Pedagang Pasar Gianyar Gelar Spanduk Tunda Revitalisasi, Bupati : Kalau Bengkung, Saya Turun Langsung Membuldoser

Bali Tribune / Bupati Gianyar Made Mahayastra

balitribune.co.id | Gianyar - Sejumlah pedagang yang tergabung dalam Aliansi Pedagang Pasar Gianyar,  kembali melakukan upaya untuk menolak rivitalisasi di Pasar Umum Gianyar. Kali ini dengan memanfaatkan situasi ekonomi lantaran Pandemi Covid-19, mereka menggelar spanduk yang intinya meminta Pemkab Gianyar menunda revitalisasi Pasar Gianyar pada, Senin (4/5/2020) pagi.

Sejumlah Point penting  yang dijadikan alasan atas penundaan revitalisasi diantaranya, ketiadaan MOU seperti janji awal rapat dengan pemda.

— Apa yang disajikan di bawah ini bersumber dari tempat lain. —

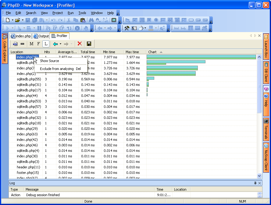 The PhpEd PHP Profiler lets you jump to the location in PHP code directly from the PHP profiler output table. Just double click on the entry in the location column or select the Show Source item from the short-cut menu and PhpED will display the corresponding line of PHP code in the PHP editor. For example, in the illustration below you can see that the line of code which took the longest time to execute according to the Profiler output, is line number 28 in index.php, which took up a total execution time of 7.977 milliseconds.
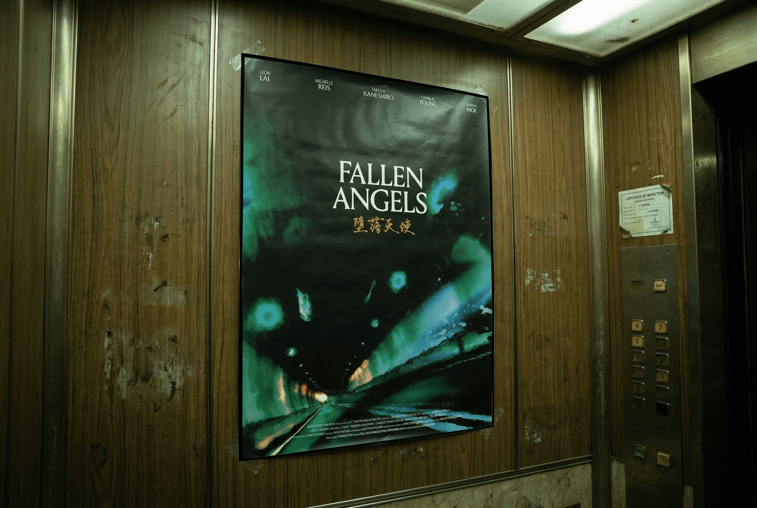 This poster reinterprets Wong Kar-wai’s Fallen Angels, translating cinematic mood into a still composition that prioritizes spatial tension and surface texture over narrative depiction. The central image is a tunnel photograph whose collapsing perspective implies motion and emotional distance. Later treatments added blur, streaking, and distressed texture to produce a fragmented, film-like surface.
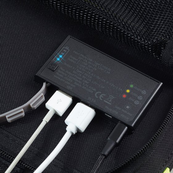 - Pochette intégrée zippée pour vos câbles de charge
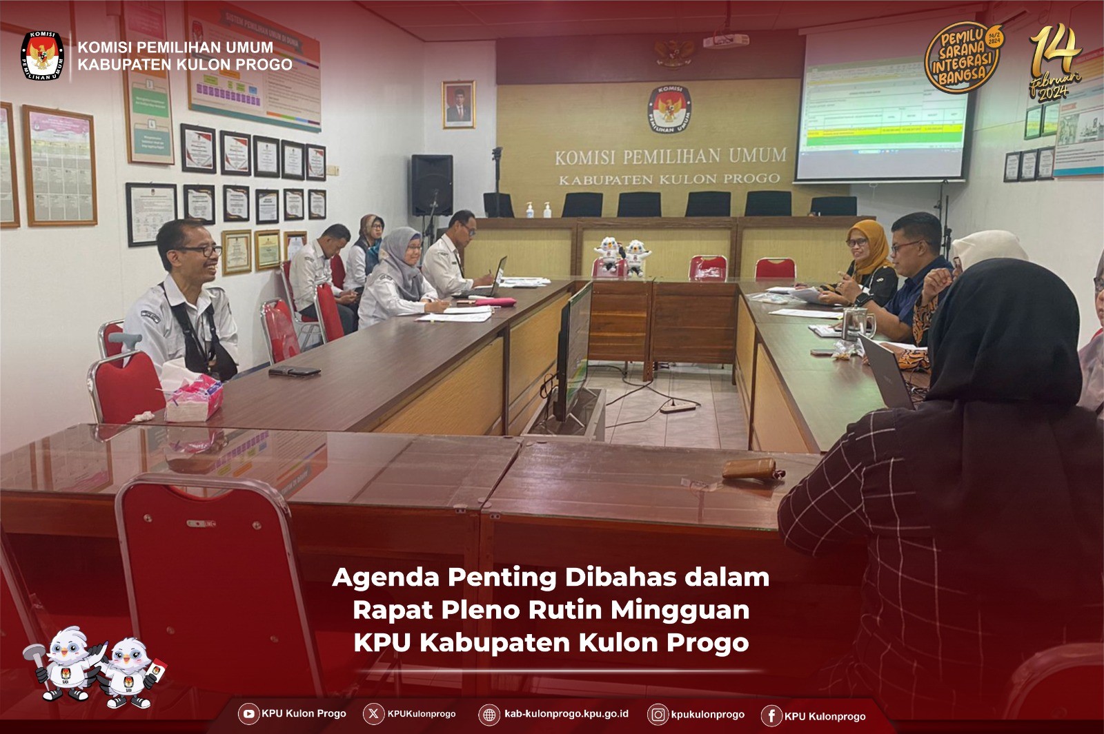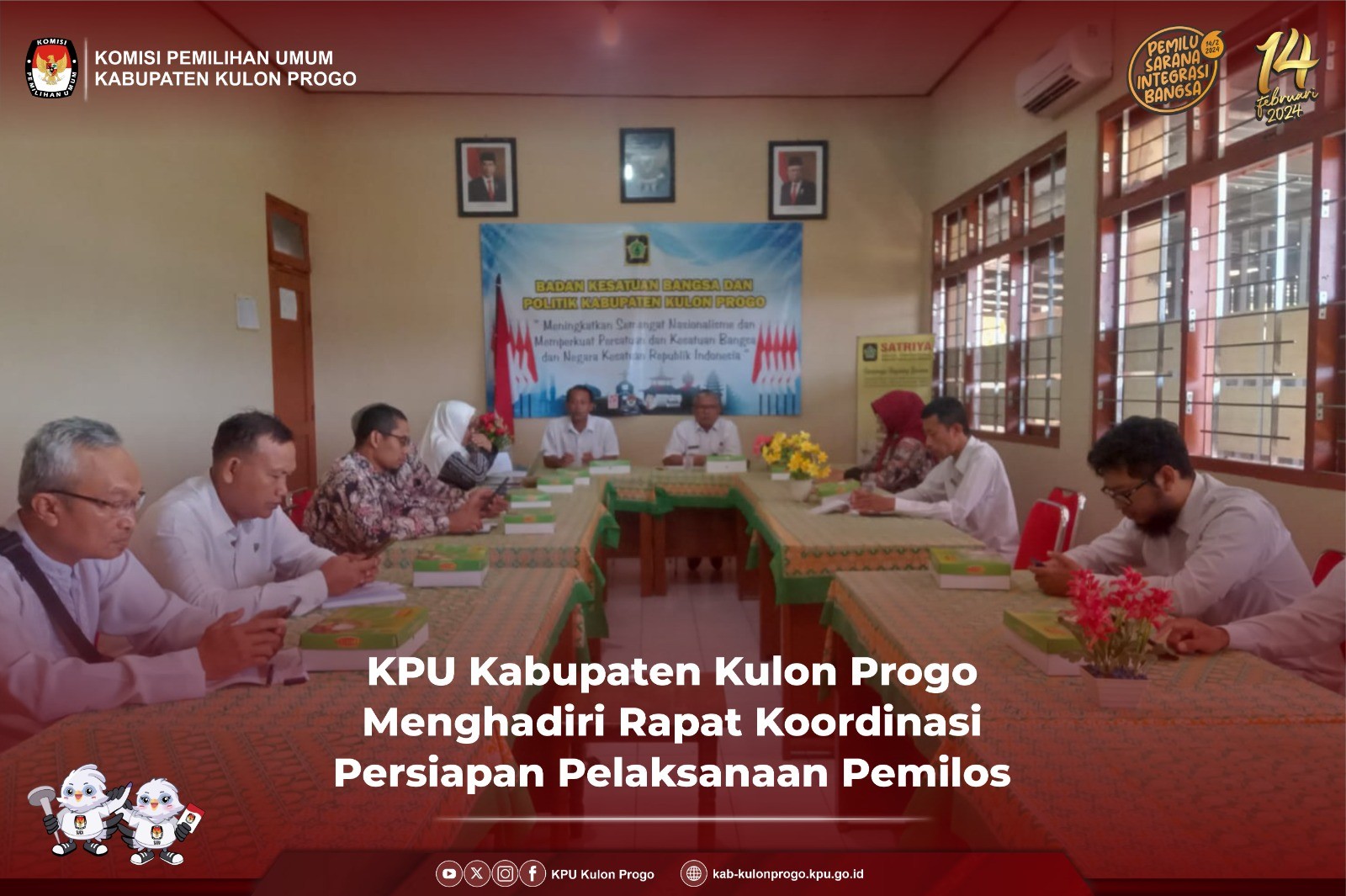 Kulon Progo – KPU Kabupaten Kulon Progo menghadiri Rapat Koordinasi Persiapan Pelaksanaan Pemilos (Pemilihan OSIS) Serentak tahun 2023 pada Hari Rabu, 20 September 2023 di Kantor Badan kesatuan Bangsa dan Politik (Kesbangpol). Rapat dihadiri oleh Ketua Divisi Partisipasi Masyrakat dan kesekretariatan KPU Kabupaten Kulon Progo. Dalam Rakor tersebut turut dihadiri juga oleh Dinas Pendidikan Pemuda dan Olahraga, Dinas Komunikasi dan Informatika, Kepala Kemenag Kabupaten Kulon Progo, Ketua MKKS SMA, Ketua MKKS SMK, Kepala MKKS SMP, Kepala MKKS MA, dan Kepala MKKS MTS Kabupaten Kulon Progo. Rakor dibuka dengan pemaparan progres Pemilos hingga saat ini (20/9) oleh Mudopati Purbohandowo, SSTP, Kepala Bidang Politik Dalam Negeri dan Organisasi Kemasyrakatan Badan Kesatuan Bangsa dan Politik. Mudopati mengatakan, “Partisipasi sekolah dalam tahapan pemilos ini semakin menurun ditunjukan dengan data DPT yang diunggah dalam aplikasi masih sangat sedikit". Hidayatut Thoyyibah dalam memberikan tanggapan pemaparan dari Mudopati menyampaikan, “Kita harus mencari solusi supaya antusias dari siswa dan sekolahan dapat naik Kembali.” Dari Diskominfo menyampaikan, sistem dalam aplikasi sudah mengalami banyak perbaikan yang memudahkan. Kepala MKKS MA Kabupaten Kulon Progo, sekaligus Kepala Madrasah MAN 2 Kulon Progo, Hartiningsuh, S.Pd, M.Pd menanggapi positif pelaksanaan Pemilos menerangkan “MAN 2 Kulon Progo menjadikan Pemilos sebagai sarana implementasi P5 (Projek Penguatan Profil Pelajar Pancasila), karena itu, MAN 2 Kulon Progo memasukan Pemilos sebagai agenda sekolah. Pada akhir Rapat Koordinasi, Mudopati mengajak para koordinator dari MKKS untuk menggiatkan Kembali kegiatan pemilos dan mengagendakan minggu depan melakukan Rapat Koordinasi Kembali. (Zar)

Selanjutnya, Dari informasi yang didapatkan, tanah pasar adalah tanah Desa, dan belum ada MOU antara Desa dan Pemda, tanah pasar belum memiliki sertifikat, tanpa setifikat bagaimana akan membangun?. Sementara Ruko yang sudah ada sejak tahun 60 an, dan ketika itu pembangunan terlantar lalu dilanjutkan secara mandiri oleh yang menempati ruko, saat itu diterbitkan IMB sebagai dasar melajutkan pembangunan. Terlebih akhir-akhir ini aktivitas ekonomi merosot, dan menjadi bertambah merosot sejak pandemic corona, penghasilan mereka disebutkan terpangkas sampai 80%.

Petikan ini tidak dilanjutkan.